Таким образом, промежуточный вывод изложенного заключается в следующем: судебная практика показывает, что ничтожность договора (сделки), совершенного с целью, заведомо противной интересам государства и общества, оценивается с точки зрения несоответствия действий сторон нормам законодательства. Другими словами, несмотря на то, что используемый в ст. 207, 208 ХК критерий «интересы государства и общества» признается оценочным понятием (в решении по делу по конституционному представлению Высшего арбитражного суда Украины и Генеральной прокуратуры Украины относительно официального толкования положений статьи 2 Арбитражного процессуального кодекса Украины (дело об представительстве прокуратурой Украины интересов государства в арбитражном суде) от 08.04.1999 г. Конституционный Суд Украины пояснил, что «интересы государства» являются оценочным понятием: интересы государства могут совпадать полностью, частично или не совпадать совсем с интересами государственных органов, государственных предприятий и организаций или с интересами хозяйственных обществ с долей государственной собственности в уставном фонде. Однако государство может усматривать свои интересы не только в их деятельности, но и в деятельности частных предприятий, обществ), его толкование в каждом отдельном случае подменяется подведением казуса под действие соответствующей правовой нормы определенного содержания. Оценочный метод как самостоятельный метод гражданско-правового регулирования, о котором говорит А.Г. Диденко, в данном случае явно не срабатывает (данный метод определяется как предоставление гражданским законодательством управомоченным субъектам возможности самостоятельно устанавливать правовое предписание для конкретного случая в рамках общих границ, предусмотренных законодательством. Диденко А.Г. Оценочные понятия в гражданском законодательстве. С. 185).
Подобным образом, видимо, складывается в отечественной практике и «судьба» категории публичного порядка, привнесенной в законодательство из зарубежных правопорядков и с трудом воспринимаемой отечественной правовой доктриной и практикой не столько в силу имеющихся коллизий между ГК и ХК, сколько по причине своей инородности (непривычности).

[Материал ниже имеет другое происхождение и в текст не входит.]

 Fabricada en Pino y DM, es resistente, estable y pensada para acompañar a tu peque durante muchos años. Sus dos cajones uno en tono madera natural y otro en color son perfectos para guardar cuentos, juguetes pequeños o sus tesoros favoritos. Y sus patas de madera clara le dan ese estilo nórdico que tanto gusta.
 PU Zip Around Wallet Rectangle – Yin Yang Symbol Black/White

По замечанию Н.С. Кузнецовой, категория «публичный порядок» не является характерной для гражданского права, традиционно она используется в международном частном праве и имеет специфическое содержание, определяемое ее основной функцией - ограничить возможности применения иностранного права /10/.

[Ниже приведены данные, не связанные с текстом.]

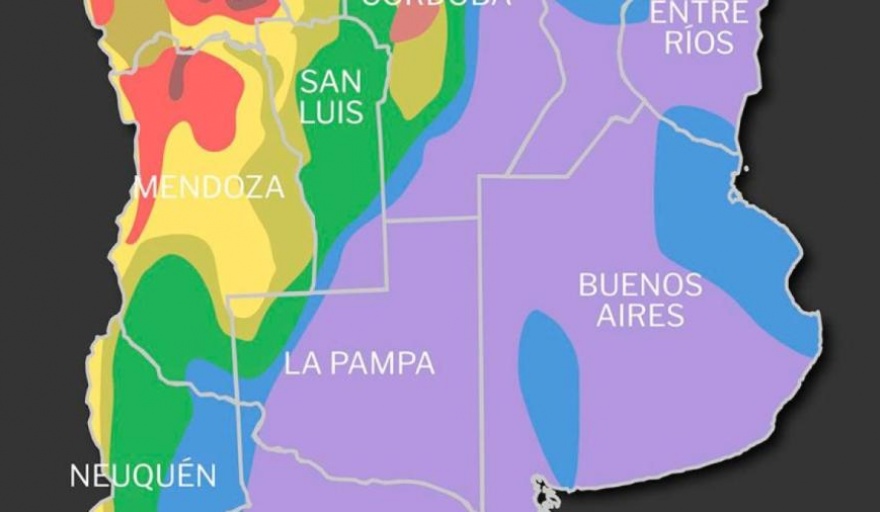 "Como ejemplo puede decirse que la zona 4, que es la de mayor sismicidad, se ubica entre el norte de Mendoza y el sur de San Juan y los riesgos sísmicos disminuyen hacia el este del territorio nacional”, precisó.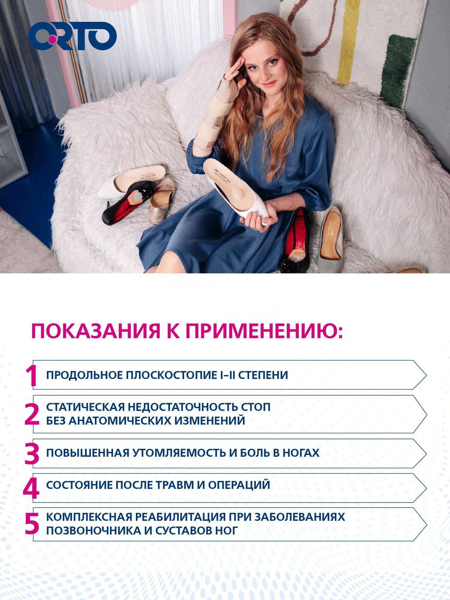 | Показания | артрит/артроз, беременность, вальгусная деформация, варусная деформация, деформация нижних конечностей, дисплазия соединительной ткани, искривление позвоночника, лишний вес, натоптыши, повышенная нагрузка на ноги, полая стопа, поперечное плоскостопие, продольно-поперечное плоскостопие, продольное плоскостопие, пяточная шпора |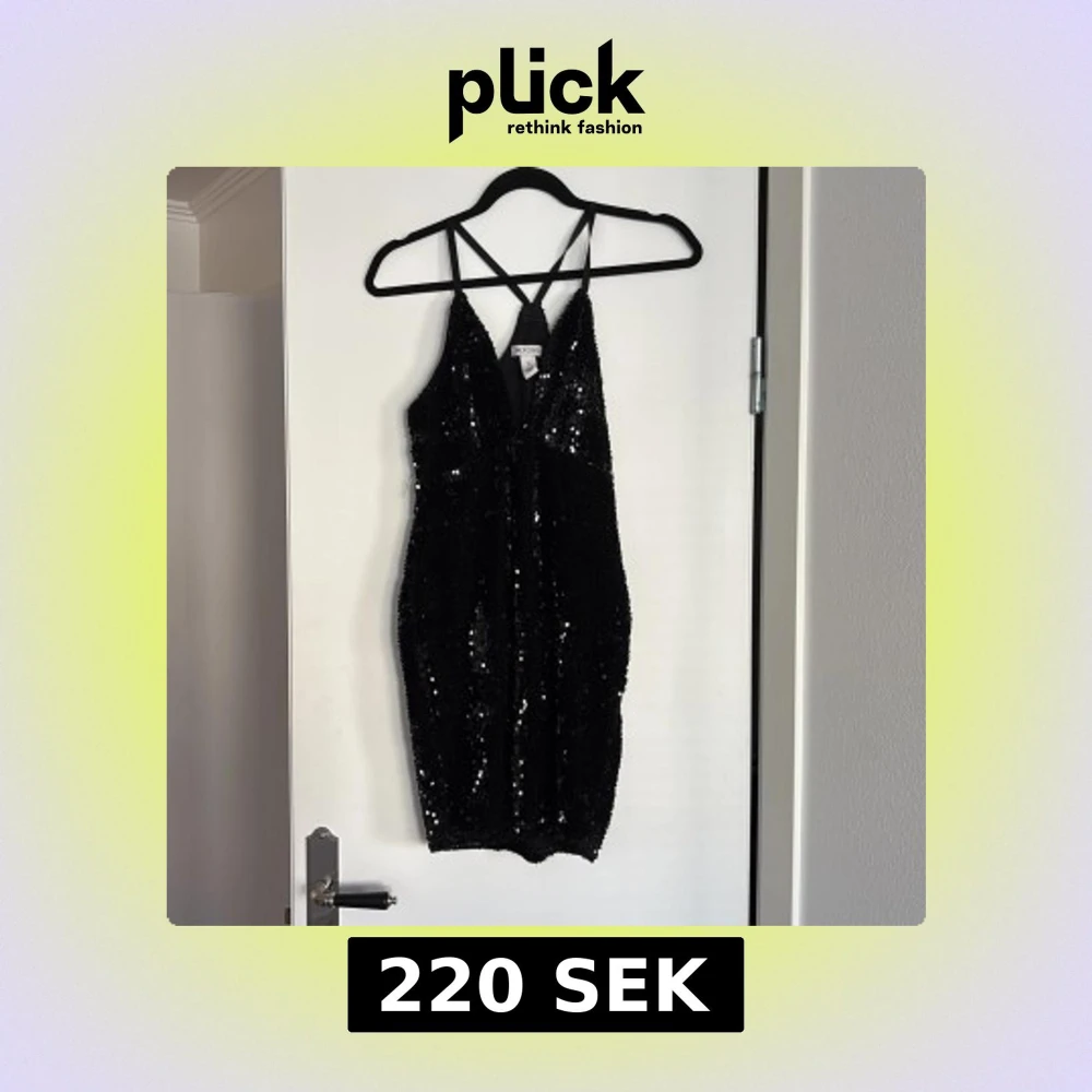 Snygg svart klänning från NLY One med glittrande paljetter och smala axelband. Perfekt för en kväll ute! Klänningen har en v-ringad design och är kort i modellen.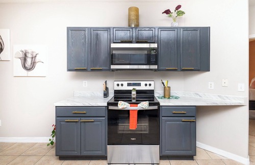As you step into this luxurious home, you're greeted by a spacious and elegantly decorated living area complete with comfortable seating, a large smart TV, and plenty of natural light filtering in through the expansive windows. The open floor plan seamlessly transitions into the fully equipped kitchen, where preparing meals for the family is a delight assisted by stainless steel appliances, ample counterspace, and sleek cabinetry stocked with all the comforts of home. Enjoy a spread of appetizers while seated up at the counter or gather everyone around the chic dining table to socialize over a delicious homecooked meal. More fun times can be made in the garage-converted game room, where you can lose yourself in the pages of a good book or crank up the competition at the foosball table.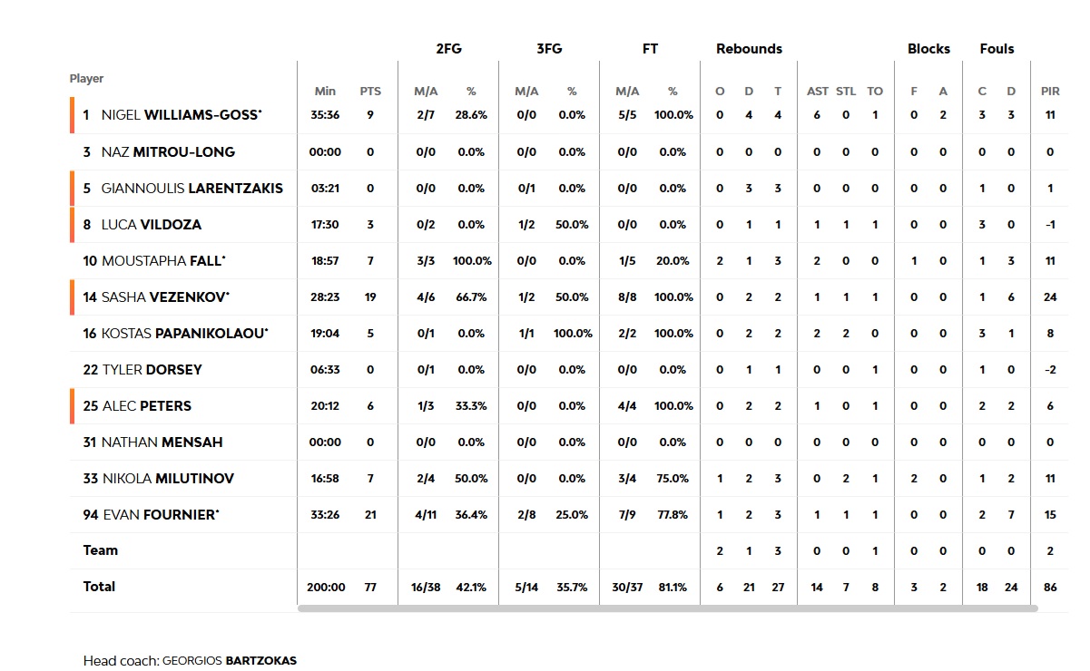 In the third quarter, five points by Kostas Papanikolaou (who received an honorary award by the Presidents on his record 350 Euroleague games played with the team) and two defensive plays of his, provided solutions for our team (48-52, 22'), that however, continued rather sluggish with its defensive efforts (48-57, 25'). Evan Fournier won a foul after scoring, while Nikola Milutinov scored in the post again, making the score 55-58. Fener, though, continued controlling the tempo, putting big pressure on the ball and moving the ball better in offense (55-62), with the third quarter ending at 59-69. In the last ten minutes, our team started out with more energy in the defensive end and clearer thinking when attacking, hence producing a partial 6-0 that made the score 64-69 (33'). Luca Vildoza scored a three (67-72), a 'breather' from the deep end for Olympiacos, with Fener however, building a new double-digit lead (67-78, 35'), following three off-target shots by our team. The guests were shooting with greater efficieny and consistency, taking advantage of our lackluster defense (69-83,37') and got the 77-87 win.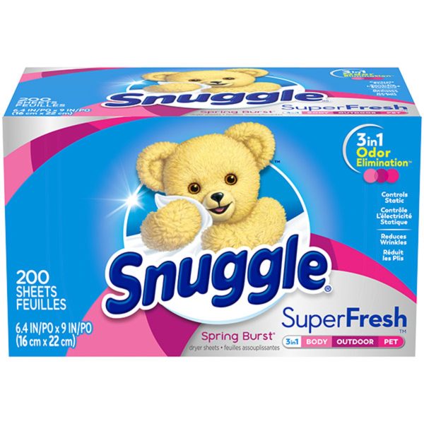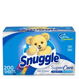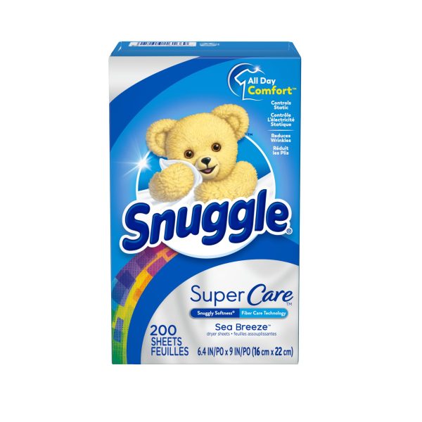 New Snuggle SuperCare helps you enjoy all day comfort in the clothes you love by using specially formulated sheets with fiber care technology that reduces wrinkles and controls static. For even more Freshness, also use Snuggle SuperCare Liquid Fabric Softener in your wash. Warning: Do not use this product: On fluffier fabrics such as fleece or terry cloth as it may increase the flammability of these fabrics. On children’s sleepwear or other garments labeled as flame resistant as it may reduce flame resistance. This package includes one box of 200 Snuggle SuperCare dryer sheets in Sea Breeze scent, enough for 200 loads.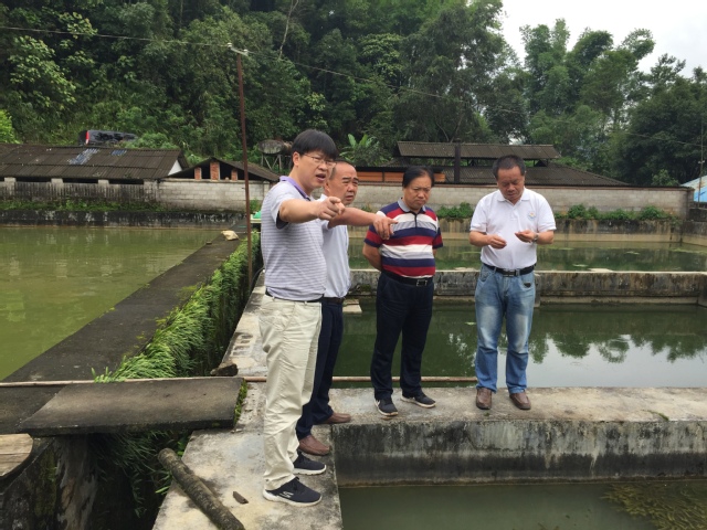 服务团参观了州水产站位于芒市的土著鱼驯养繁殖基地,了解到他们正在对龙江结鱼、墨脱四须鲃等本地鱼类进行人工繁殖,但实际操作过程中困难较大,存在一定的技术难题后,服务团详细查看了现场的水质、水温、溶氧以及繁育设施后,为他们提出了一些可行性的建议,并建议德宏州水产站与上海青浦区的相关鱼类苗种场展开合作,以期突破这些鱼类繁育难关,继而进行增殖放流,实现当地渔业可持续发展。

Как известно, в советском гражданском праве оговорка о публичном порядке не использовалась (в частности, ст. 30 ГК УССР 1922 г. устанавливала недействительность сделки, совершенной с целью, противной закону, или в обход закона, а также, когда она направлена к очевидному для государства вреду, согласно ст. 49 ГК УССР 1963 г. недействительными считались сделки, заключенные с целью, заведомо противной интересам социалистического государства и общества). Впервые оговорка о публичном порядке была закреплена в ст. 158 Основ гражданского законодательства Союза ССР и союзных республик 1991 г.: иностранное право не применяется в случаях, когда его применение противоречило бы основам советского правопорядка (публичному порядку) /11/. Именно в такой связи используется оговорка о публичном порядке в ст. 12 действующего Закона Украины «О международном частном праве»: норма права иностранного государства не применяется в случаях, если ее применение приводит к последствиям, явно несовместимым с основами правопорядка (публичным порядком) Украины (курсив мой. - Е. Б.). Для целей дальнейшего исследования особо подчеркнем: в данной статье Закона публичный порядок использован как синоним основ правопорядка.
Позднее оговорка о публичном порядке вошла в законодательство отдельных бывших союзных республик (в частности, ст. 54 ГК Грузии устанавливает недействительность сделки, нарушающей установленные законом правила и запреты, противоречащей публичному порядку или моральным нормам), а некоторыми из них не была воспринята. К примеру, ст. 169 ГК Российской Федерации устанавливает ничтожность сделки, совершенной основам правопорядка или нравственности, при этом в отдельных комментариях к ГК РФ указывается на синонимичность терминов «основы правопорядка» и «публичный порядок» /12/. Такая же терминология использована в ст. 158 ГК Республики Казахстан: недействительна сделка, содержание которой не соответствует требованиям законодательства, а также совершенная с целью, заведомо противной основам правопорядка или нравственности.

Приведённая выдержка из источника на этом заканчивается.